Question on k's marked with *
 

I understand why the k's are marked with *. And, no, I don't have any answer as to whether n=0 is acceptable or not (though I would guess *not*).

However, I am not sure whether k's divisible by 5 qualify for Sierpiski/Riesel base 5 numbers. I mean, these k's don't contribute to any new unique series. The equivalent situation in regular Sierpinski/Rieslel (base 2) would be to consider even k's (which they don't consider, btw). So why should we consider the k's divisible by 5 for our search?

Any ideas?

The two definitions for base 5 Sierpinski number that have been suggested so far are:

1. k is a base 5 Sierpinski number if k*5^n+1 is composite for every positive integer n.
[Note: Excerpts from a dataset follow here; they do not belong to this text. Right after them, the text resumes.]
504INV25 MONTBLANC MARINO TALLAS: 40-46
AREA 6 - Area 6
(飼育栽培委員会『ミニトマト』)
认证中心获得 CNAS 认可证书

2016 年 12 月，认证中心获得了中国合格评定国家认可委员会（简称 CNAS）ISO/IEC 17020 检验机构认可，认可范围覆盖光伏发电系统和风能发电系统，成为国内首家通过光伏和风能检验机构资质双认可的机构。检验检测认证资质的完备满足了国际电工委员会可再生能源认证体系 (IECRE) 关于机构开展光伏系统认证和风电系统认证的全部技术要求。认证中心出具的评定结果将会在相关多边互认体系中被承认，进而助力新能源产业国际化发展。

2. k is a base 5 Sierpinski number if k*5^n+1 is composite for every non-negative integer n.

The few candidates of the form k=5*r in the reservation list come about because k+1=r*5^1+1 is prime (and is thus r is eliminated under either definition), but no larger prime in this sequence has been found and so k=5*r is not yet eliminated under definition 1.

If we want to allow definition 1 as a possibility then we really need to eliminate these candidates, since it is possible that 5*r+1 is the last prime in that sequence. (At least, I don't know of a proof that this is impossible).
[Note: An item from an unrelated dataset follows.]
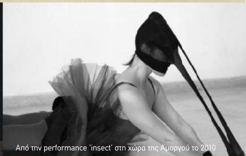
Από την performance 'insect' στη χώρα της Αμοργού το 2010

χνική σε οποιαδήποτε μορφή τέχνης, αυτό σου μαθαίνει. Να μελετάς τη φόρμα, την τεχνική έως ότου την κατακτήσεις και έπειτα να την υπερβείς σπάζοντάς την... Και μετά ξανά το ίδιο. Αυτή η διαδικασία είναι συνεχής κι ατέρμονη... σε μια χορευτική σπείρα! Η αρετή είναι το ταλέντο, το "potential" που λένε... Αρετή στην ψυχή. Όχι μόνο στο κορμί και στο μυαλό, άλλα και στην καρδιά... "Το μυαλό είναι δυνατότερο από το σώμα, και η καρδιά δυνατότερη από το μυαλό". Νομίζω κάπως έτσι είχε ειπωθεί στο "μικρό βουδά", την ταινία του Bertolucci. Και ο παράγοντας της τύχης είναι εξίσου σημαντικός. Αυτό που λέμε "να είσαι εκεί την κατάλληλη στιγμή με τους κατάλληλους ανθρώπους". Θα έλεγα πως το μοιραίο έχει μια μεταφυσική υπόσταση στη ζωή μας... Χωρίς αυτό βέβαια να σημαίνει πως είμαστε έρμαιοι της μοίρας. Πιστεύω πως και γεννιόμαστε και γινόμαστε. Στις δουλειές μου, μου αρέσει να κάνω συχνά αναφορά στις τρεις μοίρες... Τις θεωρώ σημαντική πηγή έμπνευσης.

The candidates k=5*r, where r is still an open candidate, are not in the reservation lists because they will be eliminated under either definition when a prime is eventually found for r*5^n+1. (whenever someone finds a prime I add any multiples of 5 to the primes.txt file at the same time).


However, perhaps we need a new definition? We could extend the pattern of definitions above in this way:

2'. k > 0 is a base 5 Sierpinski number if k*5^n+1 is not prime for any integer n >= -1.
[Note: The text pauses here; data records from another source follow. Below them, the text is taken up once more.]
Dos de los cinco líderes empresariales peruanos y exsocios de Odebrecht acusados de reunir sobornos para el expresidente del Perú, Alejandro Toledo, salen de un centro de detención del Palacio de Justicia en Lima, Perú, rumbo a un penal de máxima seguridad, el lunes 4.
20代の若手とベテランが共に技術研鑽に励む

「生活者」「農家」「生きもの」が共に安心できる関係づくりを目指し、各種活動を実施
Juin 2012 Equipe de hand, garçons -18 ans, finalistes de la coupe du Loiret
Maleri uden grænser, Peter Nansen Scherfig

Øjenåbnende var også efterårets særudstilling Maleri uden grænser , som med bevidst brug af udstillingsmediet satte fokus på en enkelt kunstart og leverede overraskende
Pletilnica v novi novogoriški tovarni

2''. k > 0 is a base 5 Sierpinski number if k*5^n+1 is not prime for any integer n >= -2.

and so on. This leads to the obvious definition:

3. k > 0 is a base 5 Sierpinski number if k*5^n+1 is not prime for any integer n.

I think this definition better fits your idea that only candidates that determine unique sequences should be considered.

For the purposes of this project it makes no difference whether we use definition 2 or definition 3.

Also, if we can find primes for all the candidates with stars then it will make no difference to the project whether we use definition 1 or definition 3 either, and then we will be able to refer unambiguously to 'the smallest even base 5 Sierpinski number' regardless of which definition is preferred.


(Everything above applies similarly to the even base 5 Riesel candidates).